For the first time in quite a while, I found myself on a train this morning with no book, no mobile battery, and no filthy friend to stroke and suck my cock as the miles flew by. It was only as I was getting ready to lean my head against the window and doze off for a bit that I remembered my laptop, fully-charged and in my man-bag, complete with the Kindle software I downloaded a few months ago for exactly this sort of emergency.

Ok, that’s not quite true: I downloaded the software because a bunch of my favourite erotica writers have hot, dirty stories that they haven’t published in print form, and if I want to wank to their stuff, I have to download an electronic copy first. Still, two birds, one stone. I was horny, and the train wasn’t that busy, so I slipped my hand down inside my jeans and started to rub my cock, while flicking through my library in search of something I knew would get me off.

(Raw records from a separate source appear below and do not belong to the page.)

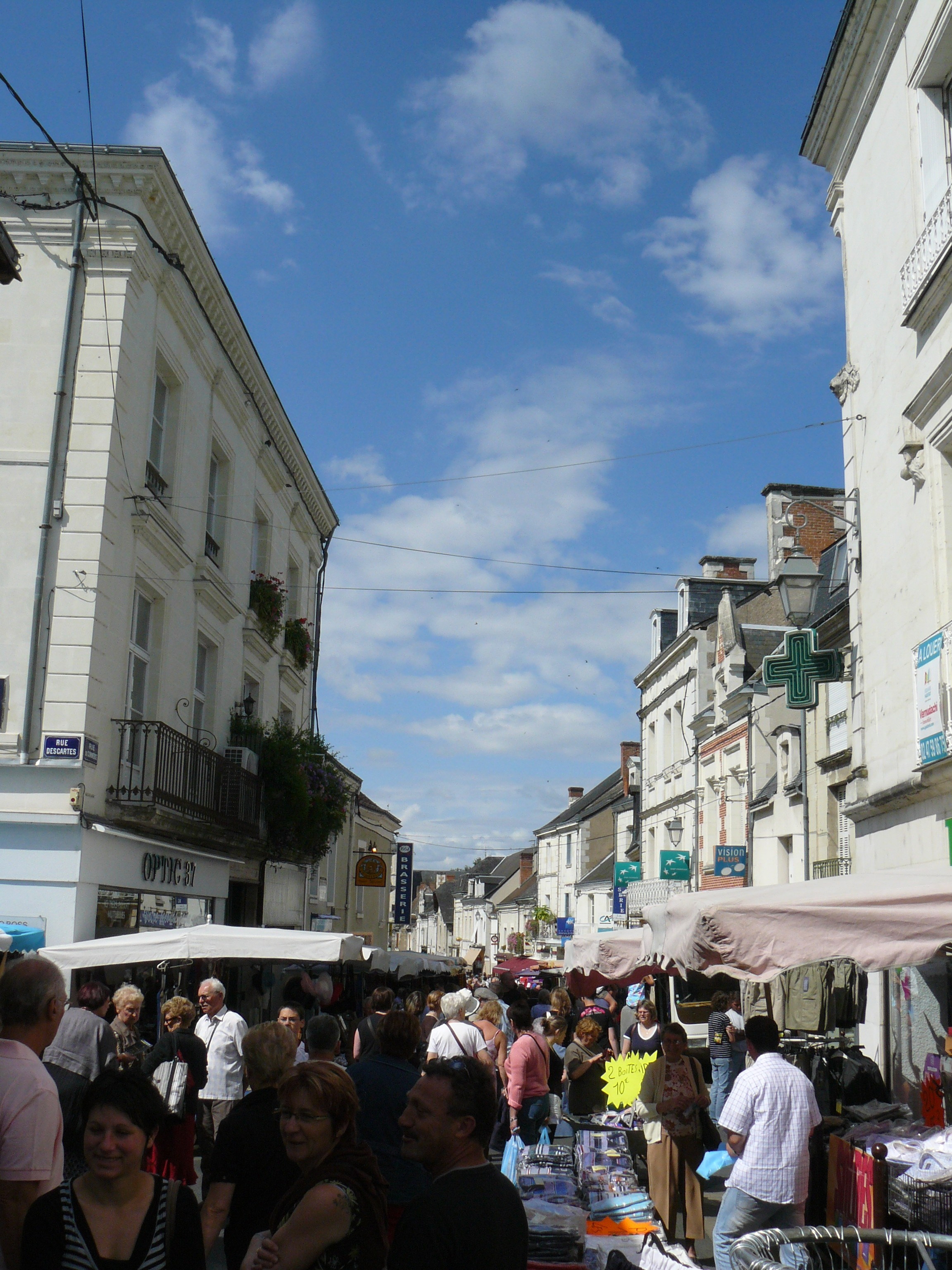 LA HAYE-DESCARTES "market day"
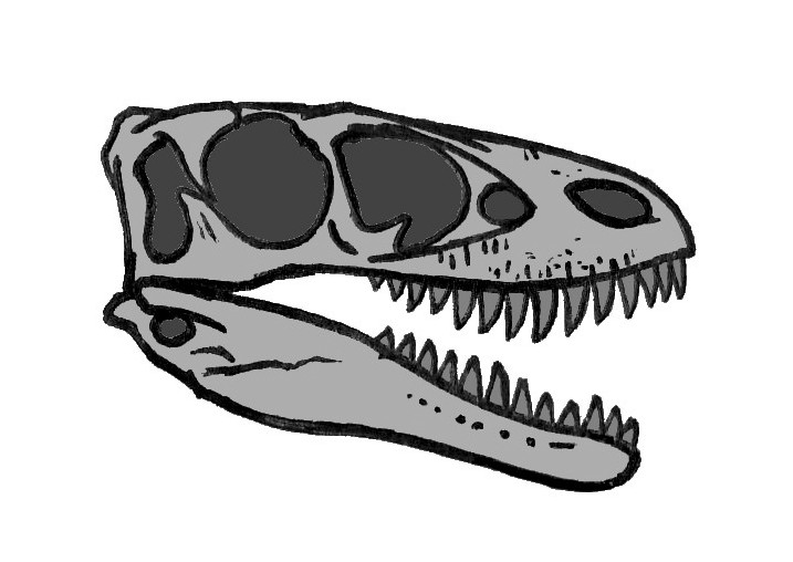 Illustration of the tyrannosauroid dinosaur Raptorex kriegsteini.
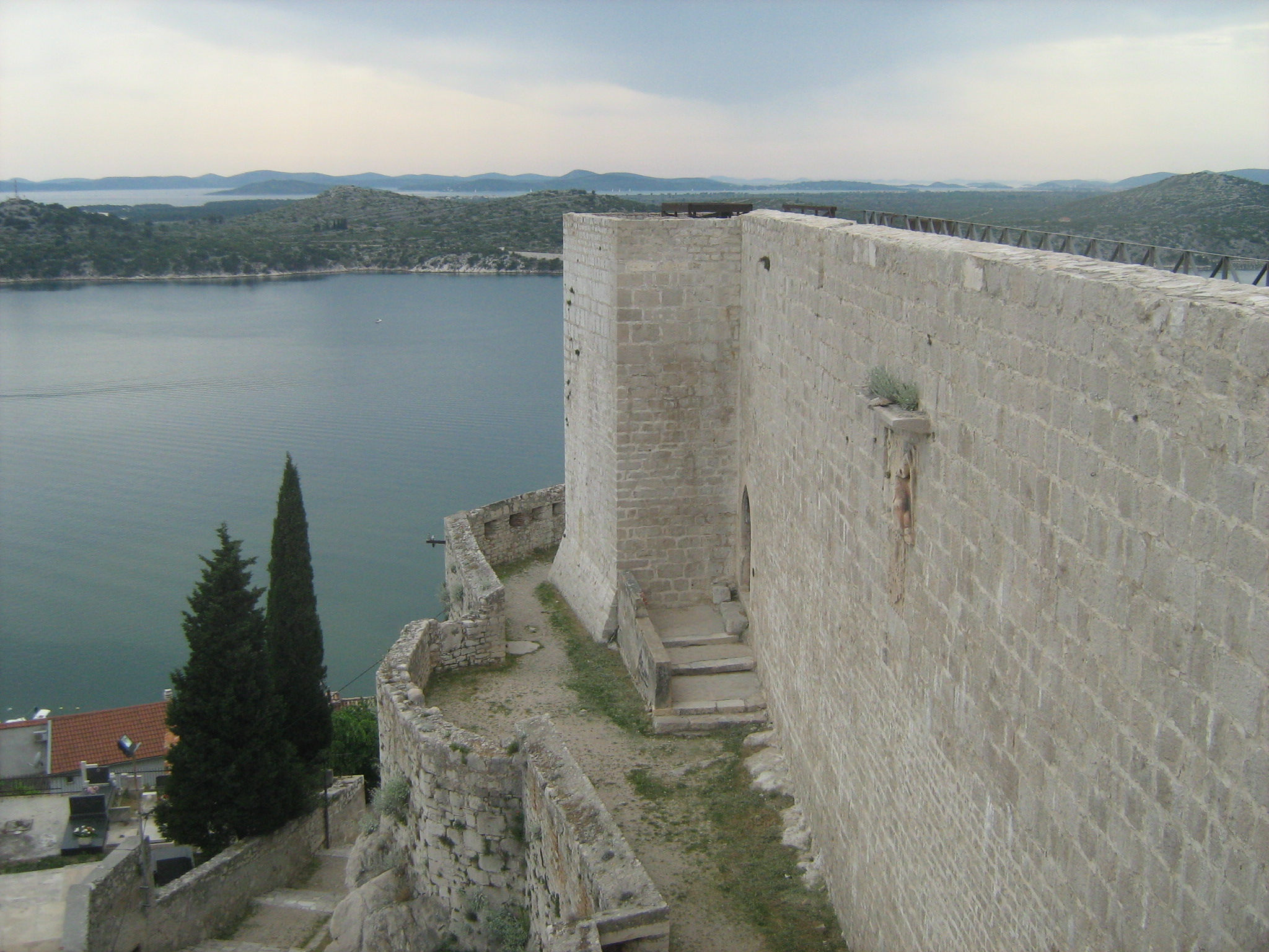 View from the Fortress
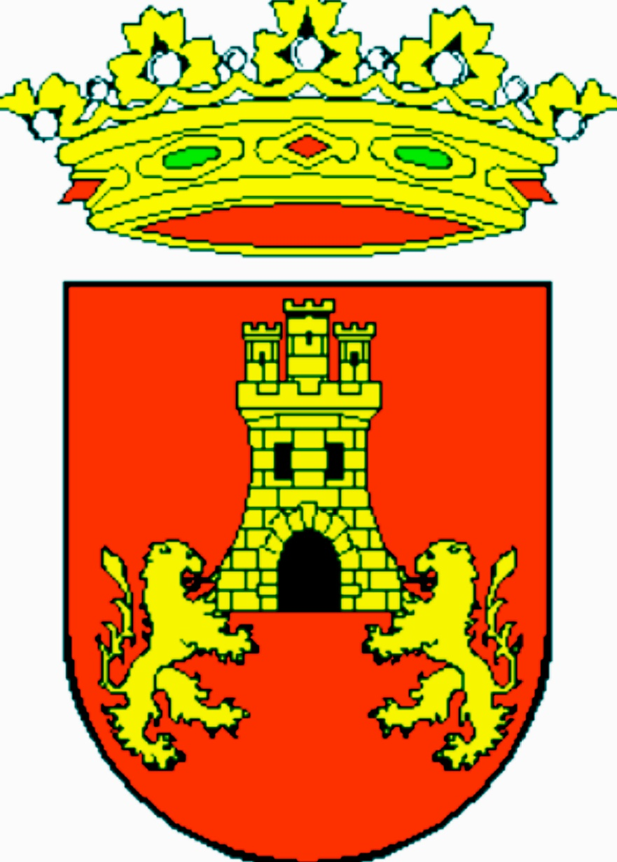 Zuia's shield
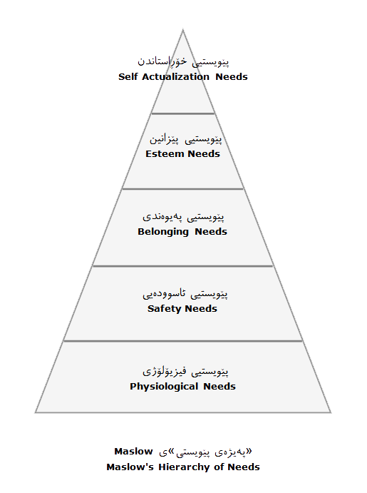 Maslow's hierarchy of needs
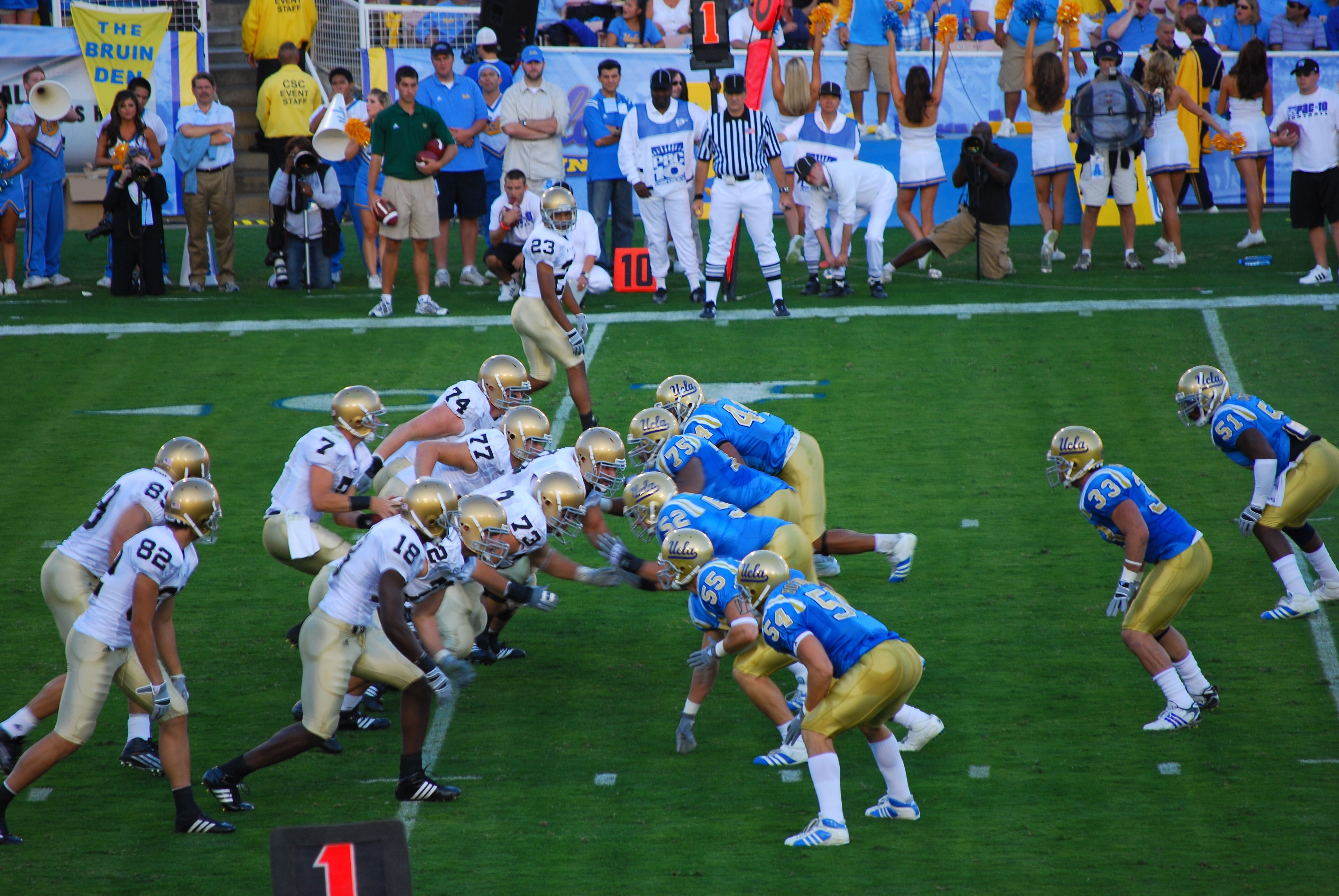 Notre Dame and UCLA at the line of scrimmage in their 2007 meeting. After starting their season with five lopsided non-victories, the Fighting Irish traveled to the Rose Bowl and defeated the UCLA Bruins.

This isn’t a story about that though. Train wanks are fun, but unless someone catches you in the act, and either calls the police or drags you into the toilet and begs you to fuck them, they’re not generally much to write home about. At some point during the journey – you can decide for yourself whether you think it was pre-, post- or mid-wank – I read the chapter from Girl on the Net’s book about losing her virginity, and about the joys of teenage sex. Apart from being beautifully written, it made me realise that I’ve never written about my own ‘first time’, or about my early sexual experiences. This, then, is a story about those.

I can remember exactly how old I was when I lost my virginity. I was 21 years, 7 months, 5 days, and, if we’re being pedantic, probably about 1 hour. But don’t hold me to that. I know all of this because it happened on Valentine’s Day 2003, at the end of a spectacularly successful – and alcohol-fuelled – blind date.

We went to one of Oxford’s classier restaurants, ate food that neither of us could really afford, drank our body weight in wine, and moved on to a terrible bar, which that night was full of middle-aged couples swaying unsteadily to a succession of cheesy classics. We had the decency to collapse into a corner booth before jumping on each other, but that level of restraint didn’t last long. By the time she guided my hand under her skirt and told me to push my fingers inside her cunt, we were hovering on the edge of the dance floor, visible to anyone who happened to look our way.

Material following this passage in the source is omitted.